Interview Series Index

When you run a blog for several years--and spend too many years abusing your head as a young man--a terrible thing starts to occur: you start losing touch with the things you wrote about. It comes way too often these days but long into gaming-related conversation in a strike of blindingly internal light I will suddenly find myself thinking “waitttt, didn't I write a whole mother-flippin' series of blog posts about that three years back?”

To stave off that “all that is solid melts into air” feeling, I've finally started on my long-procrastinated annotated blog index. As I do each chunk—and they are pretty much going to follow in the order of what I consider the best or most useful of the posts here—I will post about them and add them to a larger index page. Likely next is the long index of pointcrawl and wilderness posts. 

First up is one of my favorite (and neglected) groups of posts: the on-again/off-again interview series. A series which under pretext of presenting ideas, recollections, and analysis to a broader audience, selfishly allowed me to dig into the brains of people I have found interesting or critical to our hobby.

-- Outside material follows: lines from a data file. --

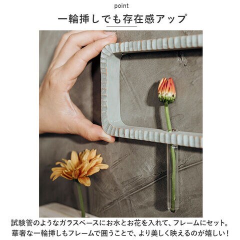試験管のようなガラスベースにお水とお花を入れて、フレームにセット。華奢な一輪挿しもフレームで囲うことで、より美しく映えるのが嬉しい!
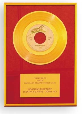 This Japanese Gold Record Single Award was presented to Queen in 1975 for one million dollars in single sales and features the unique red velvet background. NRMT.
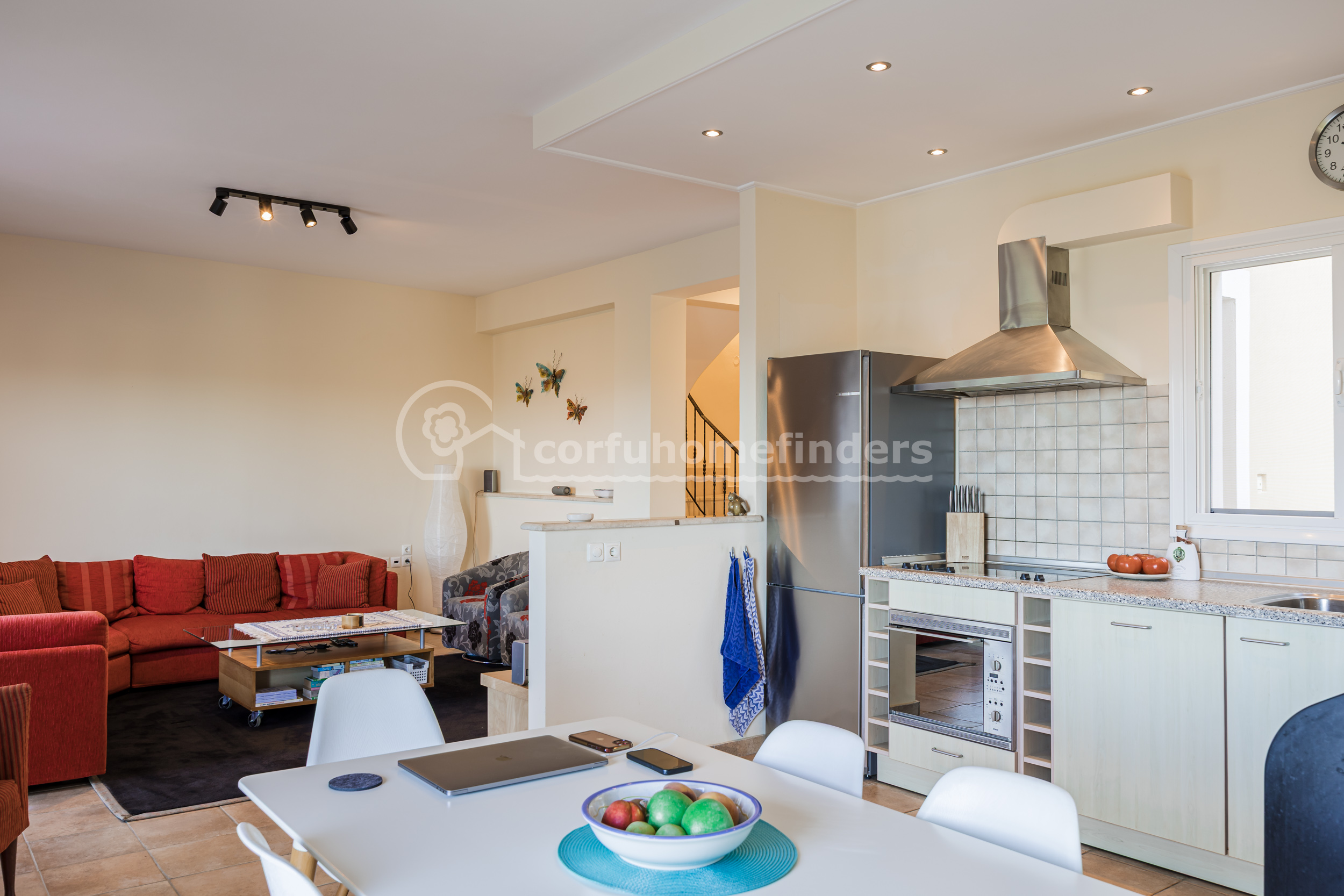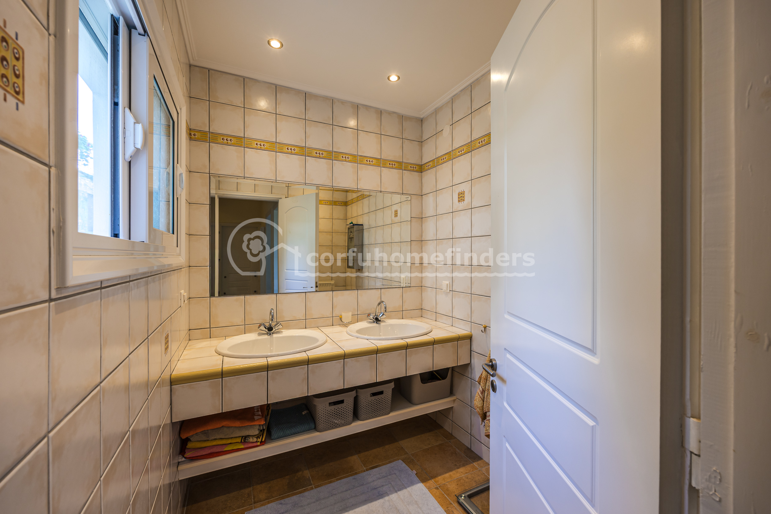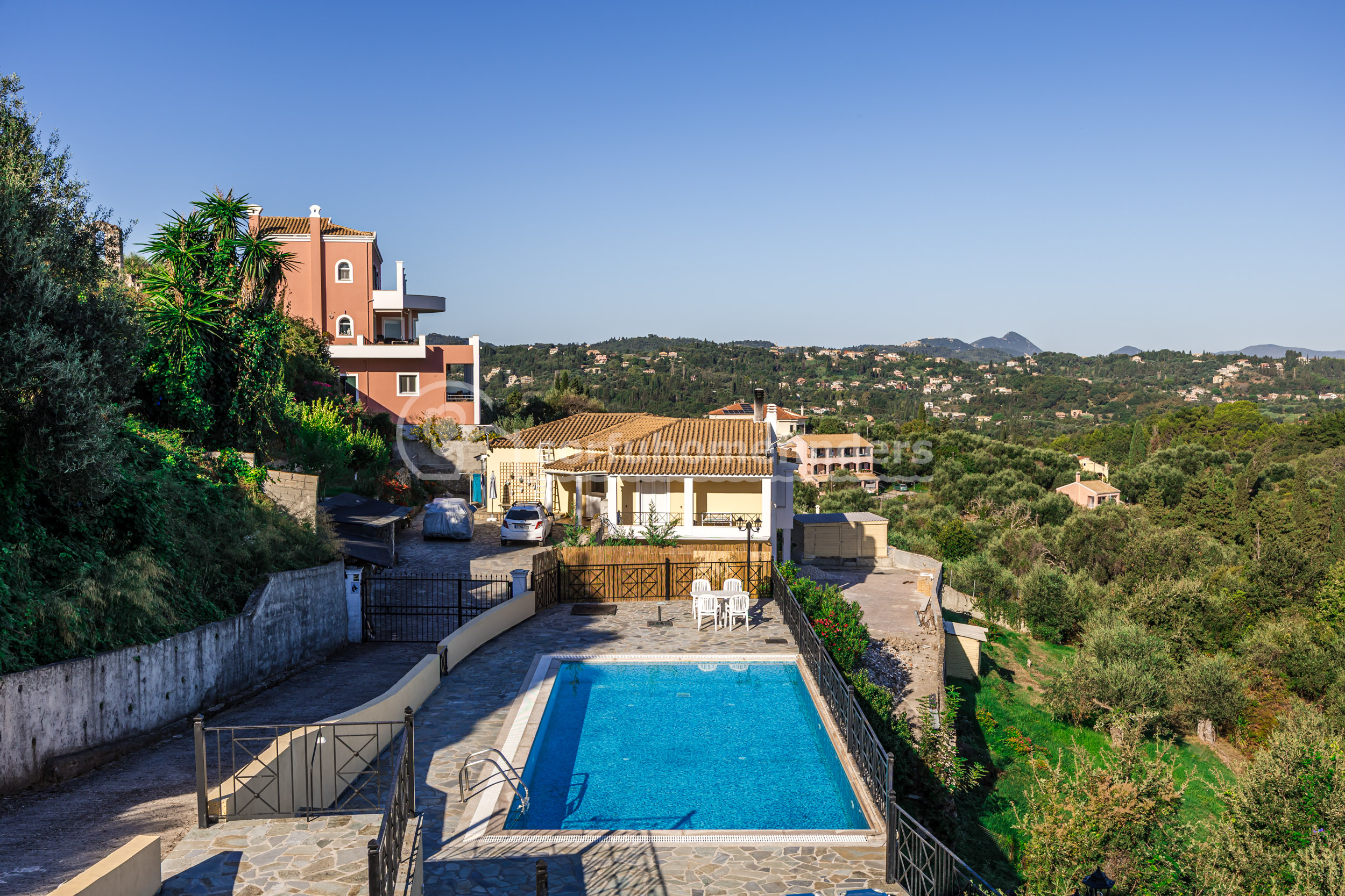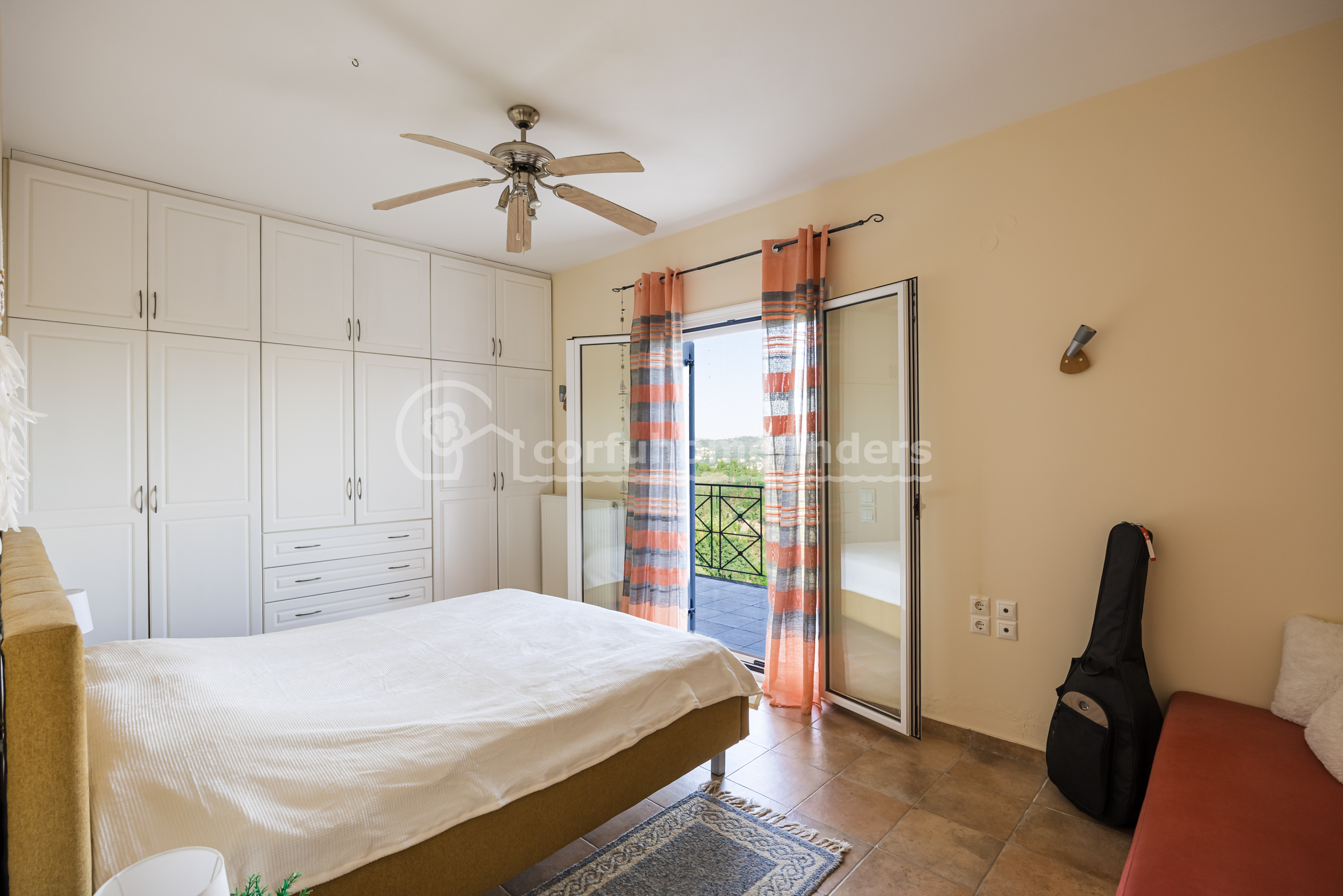 The house is conveniently located only a short drive from Corfu Town, and has easy access to beaches on both east and west coasts. Views stretch down to Corfu Town, past the airport and out to sea.

The Interview Series (in Chronological Order)

Jeff Berry
The first interviews on the HC where with Jeff Berry aka Chirine Ba Kal, a longtime player in M.A.R. Barker's Tekumel campaign and for a time a mover and shaker in its business end. I had originally reached out to him with the intention of doing a one-shot little piece on what the early Tekumel games were actually like. The ongoing conversation was so incredibly rich with insight and Jeff's memory so exact in the amounts of detail that it spilled over into several encores, all of which I still enjoy reading today.





David Dunham
If you pressed me for all my all-time favorite computer game it would have to be King of Dragon Pass. Not only was it a near-perfect blend of handpainted art, strategy, roleplaying and big ticket mythic themes it was set against the worldbuilding of Glorantha that I love (mostly from afar) so well. A huge treat to interview David Dunham, creator of the game, and pick his brain about the connections to KoDP to tabletop roleplaying.


Magira
Digging into the altnerative paths that roleplaying could have taken in the 1960s and 1970s led me to places I had never known about notably such great “world games” as that of Magira in Germany. An interview with one of its participants.


Jeff Dee
Looking back at this interview three years ago which focuses on Jeff Dee's then beginning drive to get his Tekumel rpg published, it makes to happy to see that it is not only sitting on my shelf right now but is helping re-raise the flag of Tekumel after Barker's passing.


Kyrinn Eis
Kyrinn Eis talks about her fascinating worldbuilding and quirky attendant game.



Robert Kuntz
One of the more controversial outings of the blog but one I am still proud of running. The interview sprawls over great length but there are fascinating bits spread through out. While one may like or dislike the man, his recollections are important to our understanding of the early days of the hobby.


Dan Boggs
A look at Champion of Zed and its creator before it became another casualty of the rpg crowd-funding bubble. 


Trey Causey
One of my favorite interviews with one of my favorite people from our side of the hobby. Trey on his post-Weird Adventures victory lap. You better believe I will be banging on his door again when his 70s space opera book Strange Stars sees the light of published day.